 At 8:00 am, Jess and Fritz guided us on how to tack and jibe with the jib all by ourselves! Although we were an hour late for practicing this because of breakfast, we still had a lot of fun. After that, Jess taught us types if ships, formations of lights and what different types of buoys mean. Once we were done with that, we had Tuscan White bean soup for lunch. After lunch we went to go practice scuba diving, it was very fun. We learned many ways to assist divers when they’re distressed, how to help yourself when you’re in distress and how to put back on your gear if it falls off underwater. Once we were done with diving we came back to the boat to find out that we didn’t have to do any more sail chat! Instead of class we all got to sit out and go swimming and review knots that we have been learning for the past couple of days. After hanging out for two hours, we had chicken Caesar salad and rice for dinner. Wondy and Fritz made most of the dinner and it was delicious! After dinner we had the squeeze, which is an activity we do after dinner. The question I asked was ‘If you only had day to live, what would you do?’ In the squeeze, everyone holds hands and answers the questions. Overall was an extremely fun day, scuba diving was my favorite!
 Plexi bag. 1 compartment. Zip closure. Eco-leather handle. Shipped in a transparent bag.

--------------------

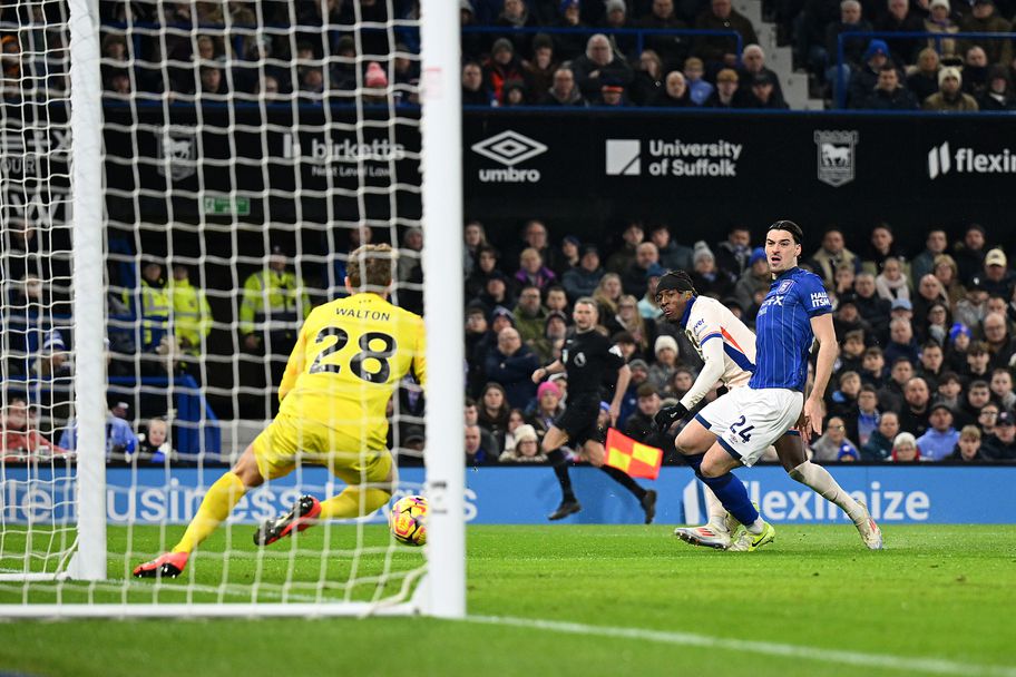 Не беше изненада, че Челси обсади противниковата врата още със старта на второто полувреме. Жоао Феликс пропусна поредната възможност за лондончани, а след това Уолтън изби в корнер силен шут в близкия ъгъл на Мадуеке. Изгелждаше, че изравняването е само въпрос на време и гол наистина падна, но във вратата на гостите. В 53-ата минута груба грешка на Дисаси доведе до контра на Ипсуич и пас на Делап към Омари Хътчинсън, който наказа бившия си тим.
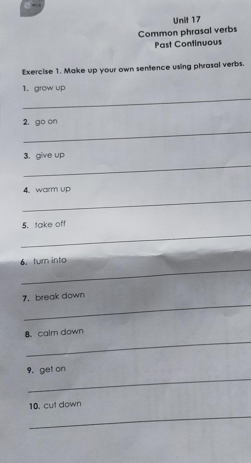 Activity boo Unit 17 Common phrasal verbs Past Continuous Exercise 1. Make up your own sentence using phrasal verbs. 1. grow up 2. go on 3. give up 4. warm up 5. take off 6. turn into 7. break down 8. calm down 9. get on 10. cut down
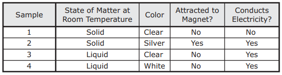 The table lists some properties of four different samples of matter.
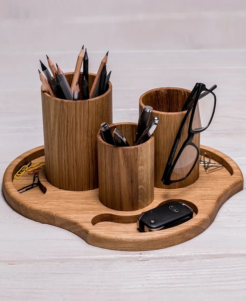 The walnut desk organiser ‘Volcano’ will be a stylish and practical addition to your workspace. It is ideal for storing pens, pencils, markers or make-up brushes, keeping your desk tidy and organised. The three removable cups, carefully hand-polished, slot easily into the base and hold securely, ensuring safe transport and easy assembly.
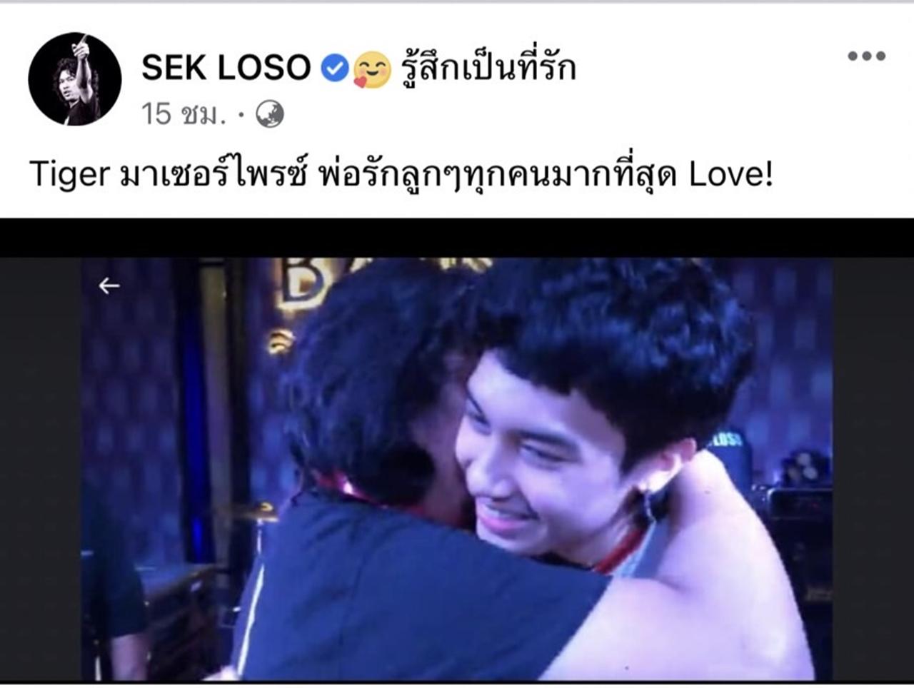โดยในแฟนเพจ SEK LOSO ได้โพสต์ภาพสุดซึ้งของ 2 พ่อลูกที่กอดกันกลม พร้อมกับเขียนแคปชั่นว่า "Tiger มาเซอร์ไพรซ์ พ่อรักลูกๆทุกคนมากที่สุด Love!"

--------------------

Output exactly the lines above that lie between the line with "The table lists" and the line with "โดยในแฟนเพจ SEK LOSO", those two lines included, and no pictures.

 The table lists some properties of four different samples of matter.
 The walnut desk organiser ‘Volcano’ will be a stylish and practical addition to your workspace. It is ideal for storing pens, pencils, markers or make-up brushes, keeping your desk tidy and organised. The three removable cups, carefully hand-polished, slot easily into the base and hold securely, ensuring safe transport and easy assembly.
โดยในแฟนเพจ SEK LOSO ได้โพสต์ภาพสุดซึ้งของ 2 พ่อลูกที่กอดกันกลม พร้อมกับเขียนแคปชั่นว่า "Tiger มาเซอร์ไพรซ์ พ่อรักลูกๆทุกคนมากที่สุด Love!"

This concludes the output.